Wednesday, February 11, 2009

Maine Senators Break With Republican Party on Stimulus

Senator Susan Collins of Maine was one of three Republican senators who voted for the economic stimulus bill. "People don't want us to be the party that just says no," Ms. Collins said.




Senator Olympia J. Snowe, Republican of Maine.

Arlen Specter, who also broke rank to back the measure.

Senators Susan Collins and Olympia J. Snowe are not close friends, but they have plenty in common. They both represent Maine. They share a centrist ideology. They are proper and genteel. And they can drive their Republican colleagues to distraction.

I believe only Maine and California have two female Senators.

On one of the biggest bills ever to confront lawmakers, the two senators, surviving members of the vanishing breed of New England Republicans, are wielding outsize power. Along with Senator Arlen Specter of Pennsylvania, the third Republican who broke from the pack and provided a crucial vote for initial passage on Tuesday, the two Mainers find themselves holding virtual veto control over the legislation as it enters crucial negotiations between the House and Senate.
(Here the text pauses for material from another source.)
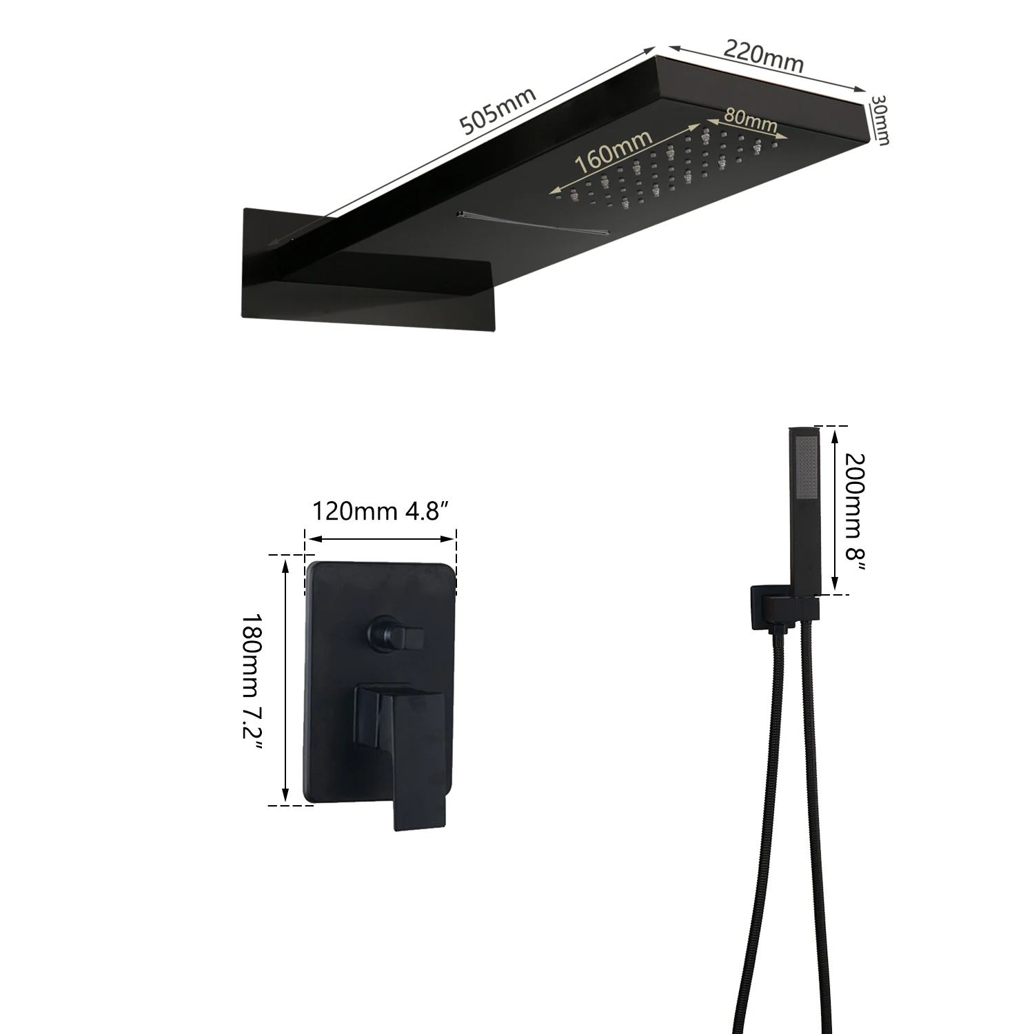 Настенный набор для душа, Черный Матовый душ Rubinetto Doccia, водо...

Specter I do not like. All politicians are opportunists, by nature, but he is really opportunist. And he can be nasty.

“I like them both, but I wouldn’t want them to buy me a car,” said Senator Lindsey Graham of South Carolina, who noted the compromise engineered by Ms. Collins had produced an $838 billion Senate version of the $819 billion House bill.

Graham is a weasel.

It also reflects the political reality that the nature of a Republican from Maine, a state where President Obama received almost 58 percent of the vote, is much different from that of the conservative Southern and Western lawmakers who constitute much of the rest of the Senate Republican side.

As Maine goes ...

“I think it is safe to say that Republicans in the Northeast are not exactly the same as Republicans in the Deep South,” said Senator Mitch McConnell of Kentucky, the Republican leader.

McConnell makes Graham seem likable.

Senator John McCain, the Arizona Republican who has worked closely with Ms. Collins over the years, did not mention any names, but he was clearly dismayed at the talks and what they produced.

And McCain makes McConnell ... no, never mind. He's right there.

“This is not a bipartisan agreement,” Mr. McCain said Monday on the Senate floor. “This is three members of the Senate — none on the House side — who have joined Democrats for a partisan agreement. It is unfortunate because we are now committing an act of generational theft.”

Generational theft? What did Ronald Reagan do? And what did the 2000-2008 Republicans do? Gimme a break.

Senators Susan Collins, Harry Reid, Arlen Specter, Olympia J. Snowe and Joseph I. Lieberman left a meeting on Wednesday after an agreement was reached on the economic stimulus bill.